Soak in the Healing Waters of the Blue Lagoon Geothermal Spa
This is one of the most famous sites in Iceland and is the country's most visited attraction. A few hours soaking in the healing, silica-infused waters of the Blue Lagoon will rejuvenate you. Relaxing amid the turquoise blue and volcanic black scenery of this man-made geothermal spa will be just what you need after nearly a week of traveling. Get a massage or another body treatment or simply chill out as you watch the steam rise from the warm water into the frosty winter air.
Don't worry; you can enter the lagoon from indoors. I don't know about you, but being outdoors in a swimsuit in the middle of winter on a Nordic island that borders the Arctic Circle isn't exactly my idea of a good time. But if you do choose to embrace your inner polar bear, feel free to go full Icelander and walk out to the pool. Don't say that I didn't warn you though; bathing etiquette requires that you shower before entering. You could turn into a shivering Icelandic popsicle before you reach the water.
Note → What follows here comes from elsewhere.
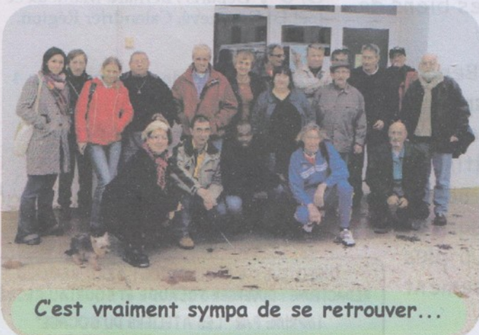
C'est vraiment sympa de se retrouver...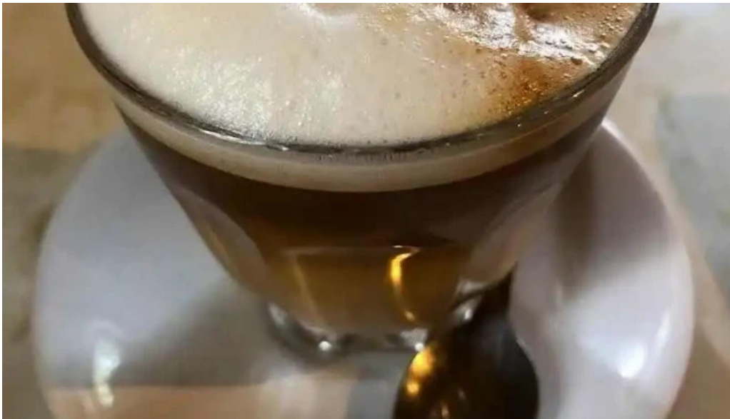
Su bar cortado

Explore Snaefellsnes Peninsula and Kirkjufell Mountain
About two hours north of Reykjavik is Snaefellsnes peninsula. This is the one you've seen in that iconic photo of Iceland that has the mighty pointy-yet-rounded mountain in the background with cascades flowing into the waters below. In the colder months, these waters freeze, and you are left with a snow-covered landscape that evokes something out of a wintery dream.
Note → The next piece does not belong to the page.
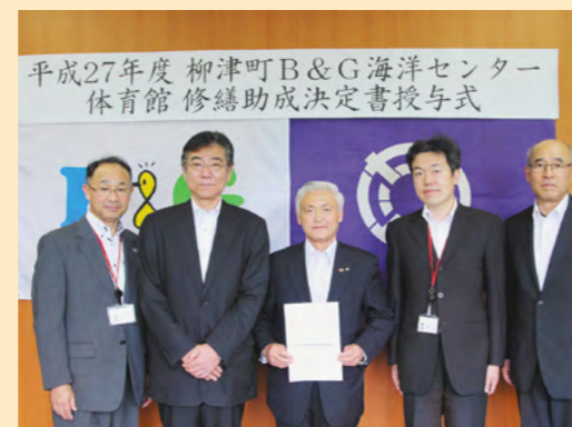
平成27年度 柳津町B & G海洋センター体育館 修繕助成決定書授与式

Game of Thrones fans will no doubt recognize the majestic Kirkjufell mountain from seasons six and seven of the popular HBO series. If you recall, the Hound had a vision of the White Walkers making their ghostly march past a “mountain shaped like an arrowhead”. Jon Snow & Co spot this famous Icelandic mountain while traveling north of the Wall on their quest to find the army of the dead. Pretty spooky (and cool), right? Fear not, dear readers. We promise that you won’t run into the Night King in Iceland. Although according to urban legend, there are some rogue polar bears running around our little island.
Iceland in Winter: 5-day Itinerary - Day 5
You’ve seen and done a lot during these last 5 days (including dodging White Walkers, which as Samwell Tarly can tell you is no small feat). While you haven't seen everything that Iceland has to offer, you've certainly covered many of the highlights and have visited almost everything there is to see in the south. Maybe next time you visit, you can spend some time in the North and explore the Diamond Circle. There's also the possibility of visiting during the summer, when the Midnight Sun, warmer temperatures, and outdoor festivals completely transform the country. Planning a vacation to Iceland in June, July, or August is a completely different experience than visiting during the months of December, January, or February. Who knows, maybe we'll be seeing you again sooner than you thought.